KARACA

63.6K 1.5K 349
                                    

Yeni bir hikayeden merhaba.Umarım bu da diğerleri gibi çok güzel olur.Bol bol okuyucusu ve de destekçisi olur. :) Ve bölümümüzü beğendiysek de OY VERELİM olur mu, onlara çok ihtiyacım var çünkü. :) Bir de bu bölümün isminden anlayacağınız üzere daha çok Karaca'ya ağırlık verdim.

İlk hikayemiz ATEŞ VE GÜNEŞ'İ Okumadan bunu okumayın,çok fazla ipucu alabilirsiniz.

Hikayemiz 2016 yılında geçiyor yavaş yavaş 2017'ye geleceğiz.Sizleri seviyorum. DİĞER YB DE HAFTAYA GELECEK. Keyifli okumalar!

****************

HAZİRAN 2016

"Belli etmesen de kırılacağını biliyorum."

"Yanlış biliyorsun, izin vermediğim sürece beni kimse kıramaz."

Gerçekten de öyleydi. Karaca naif bir kız olabilirdi ama asla aptal değildi. Bu vakte kadar hep iyi niyetli davranarak içindeki o küçük kızı göstermiş bu yüzden de kalbi kırılmıştı. Ancak işler son bir sene de hiç olmadığı kadar değişmişti. Karaca çok daha iyi ve kırılmaz hissediyordu kendini.

Tabi dün gece ki düğün de onu öyle eğlenirken görmek kalbine bir miktar dokunmuştu. Hiç üzülmemiş miydi acaba diye düşünmekten alamıyordu kendini. Ama bunları geride bırakacağının sözünü vermişti. Uygulama zamanıydı. Bu yüzden de o gazeteye bakmalıydı. Sezen'in elinden gazeteyi alıp manşetlere göz attı. Her yer de Ateş ve Güneş vardı. Onların görkemli düğününden ve iki aşığın birbirlerine ne kadar yakıştıklarından söz ediyorlardı. Güneş'in gelinliği senenin gelinliği olabilirdi. Konuklara da dikkat çekilmişti ama onlar ikinci sayfadaydı. Karaca da hemen orayı açtı. Koca bir sayfa düğüne ayrılmıştı.

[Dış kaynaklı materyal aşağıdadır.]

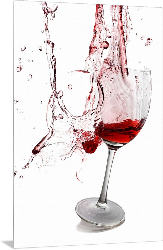 <p>Portrait photograph on a large wall hanging of a slightly tilted glass of red wine, the goblet appears to be exploding and wine is leaving the glass in all directions.</p>
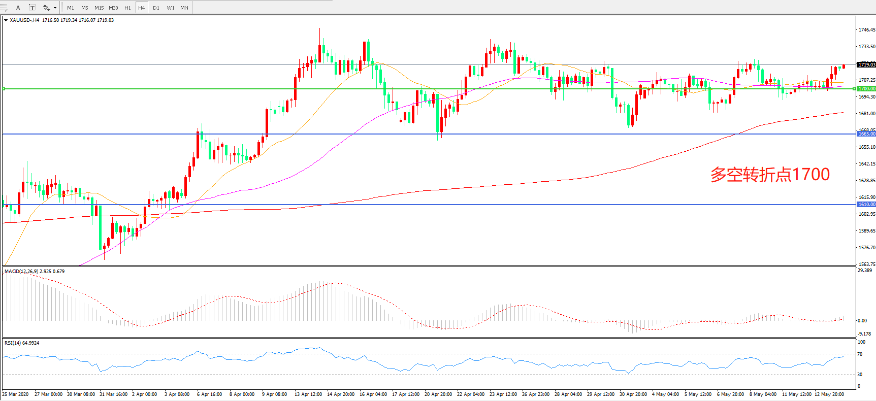 多空转折点:1700.00

Bir çok iş adamının ve ünlü ismin katıldığı düğünde en belirgin insanlar vardı. Önce Baran'ı gördü.Genç adamın ne kadar moralsiz ve sessiz olduğundan bahsediyorlardı.Kimsenin İdil'in ölümünden haberi yoktu tabi. Bir an içi sızladı. 

Sonra onu gördü. Gülen yüzüyle birlikte o küçük sahnenin üzerinde duruyor, gülerek konuşmasını yazıyordu. Keyifliydi. Dün gece zaten karşılaştıkları o an da gülmemişti bir tek. İnat için mi yapmıştı Allah'ım diye düşündü. Sonra Barış'ın bu kadar boş bir işle uğraşmayacağı aklına geldi. Ona ve gülen yüzüne bakmaya devam etti. Gazete de yazdığı gibi çok yakışıklıydı ve tüm bekar kadınların gözü onun üzerindeydi. Arkadaşı evlenmişken onun da zamanının geldiği konuşuluyordu. Hırsla gazeteyi sıktı ince parmakları.

"Yanına da seni koymuşlar."

Tesadüftür ki hemen yanında da o vardı. Barış'a kıyasla ondan daha çok bahsetmişlerdi. Bayraktar ailesinin bir sene önce Suroğlu Holding'le anlaşmaları karşılıklı feshetmesinden sonra Karaca'nın orada olmasına şaşırdıkları yazıyordu. Ne saçma diye düşündü. O bir sene içinde Güneş'le birkaç kere bir araya gelmişlerdi. Hatta bir keresinde gazeteciler de fotoğraflarını çekmişti. İki yüzlüler diye geçirdi içinden. Sonra son kez Barış'a bakıp gazeteyi kaldırdı.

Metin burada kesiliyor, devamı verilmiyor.